Wells Fargo on Tuesday morning added to its growing list of black marks with a settlement offer directed at another accusation of malfeasance.
This time the San Francisco-based banking giant offered to pay $50 million to settle allegations that it cheated homeowners whose mortgages were in default out of unwarranted fees that added to their financial burdens. The corporation denies any wrongdoing, but decided to settle the case to avoid further litigation, spokesman Tom Goyda told Reuters.
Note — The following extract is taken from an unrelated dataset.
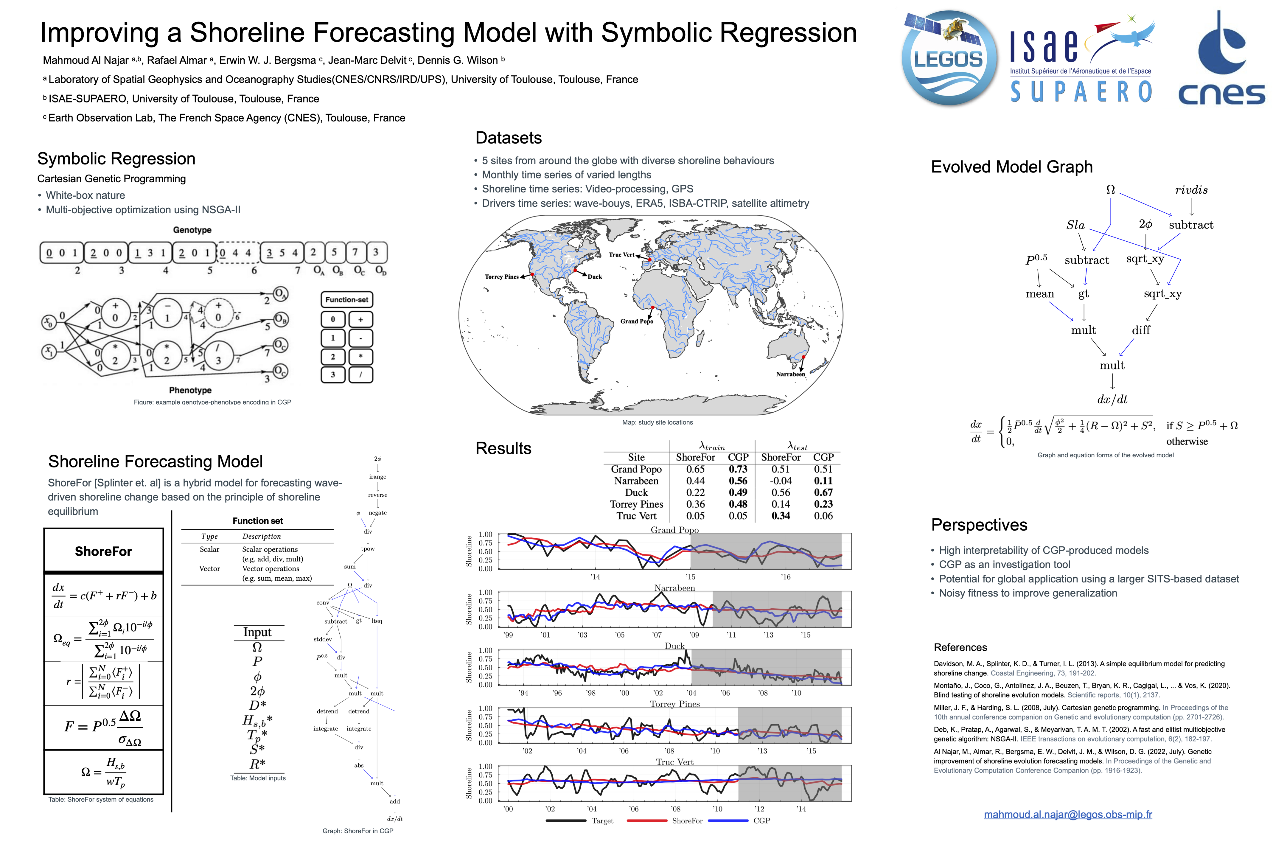 Given the current context of climate change and the increasing population densities at coastal zones around the globe, there is an increasing need to be able to predict the development of our coasts. Recent advances in artificial intelligence allow for automatic analysis of observational data. Symbolic Regression (SR) is a type of Machine Learning algorithm that aims to find interpretable symbolic expressions that can explain relations in the data. In this work, we aim to study the problem of forecasting shoreline change using SR. We make use of Cartesian Genetic Programming (CGP) in order to encode and improve upon ShoreFor, a physical shoreline prediction model. During training, CGP individuals are evaluated and selected according to their predictive score at five different coastal sites. This work presents a comparison between a CGP-evolved model and the base ShoreFor model. In addition to evolution's ability to produce well-performing models, it demonstrates the usefulness of SR as a research tool to gain insight into the behaviors of shorelines in various geographical zones.

Wells Fargo’s settlement offer still needs to be approved by an Oakland, Calif. court.
In a class-action lawsuit involving about 250,000 homeowners, the bank is accused of marking up fees on certain services, including home appraisals, that the bank orders after owners default on their mortgage loans. “To generate hefty profits, the lending industry has substituted inflated interest rates with inflated fees,” the firm Baron & Budd, which represented the class action, wrote in a complaint filed with a US District court in California in July 2012.
According to Reuters, Wells charged $95 to $125 for the contested appraisals, which cost the company only $50 or less, and hid them in murky categories on mortgage statements. Ultimately, reports Reuters, this added hundreds or thousands of dollars to the mortgage loans of already indebted borrowers.
“Defendants are aware that it is improper to mark-up the fees assessed on borrowers’ accounts for default-related services,” wrote the plantiffs’ attorneys. “Therefore, defendants fraudulently conceal these fees on borrowers’ accounts...identifying them on mortgage statements with cryptic descriptions such as 'Other Charges' or 'Other Fees.'"
Lawyers for Wells Fargo called the claims "far-fetched" in court filings, reports Reuters, claiming that the US regulators have acknowledged that bank fees similar to the ones in questions can include a profit margin.
The case adds to the mounting scandals that in recent months have plagued the biggest bank in the country.
In August, Wells Fargo agreed to pay a $4.1 million to settle allegations that it charged illegal fees and misled student-loan borrowers. A month later, Wells was fined $185 million by California and federal regulators for going too far in the pursuit of sales goals by signing up millions of customers for costly financial products that they didn't request.
The latter was the largest fine ever levied by the 5-year-old, federal Consumer Financial Protection Bureau against a financial institution.
In the wake of the fraudulent account scandal, Wells Fargo apologized, fired thousands of employees over inappropriate sales conduct, and offered refunds to affected customers. The company's former chef executive, John Stumpf, abruptly retired in the face of mounting criticism.
This week the company even launched a national television advertising campaign to try to redeem its battered brand after the biggest scandal in its 164-year existence.
"My primary objective is to restore trust in Wells Fargo – restore pride in our company and mission. That may seem like a long ways off today, but I promise you we will," new CEO Tim Sloan told employees at a company-wide meeting last week, as the Associated Press reported.
Despite the troubles, the bank reported in its latest quarterly report in September that revenue, average loans, and average deposit amounts were up from the same quarter last year. Though as one recent survey predicts, there may be more financial trouble yet to come.
“Our projections indicate Wells Fargo will lose $99B in deposits and $4B in revenues over the next 12-18 months as a direct result of the scandal, dealing a hard blow to the bank’s finances,” wrote cg42, a New York City management consulting firm, in a report of results from a recent, online survey.
The firm surveyed 1,000 Wells Fargo customers and 500 customers from its competitors, including Bank of America, Chase, and Citibank. It found, among other things, that while only 3 percent of Wells Fargo’s customers report being affected by the scandal, 30 percent say they are actively exploring other banking options. According to cg42, 14 percent have already decided to switch banks as a result of the scandal.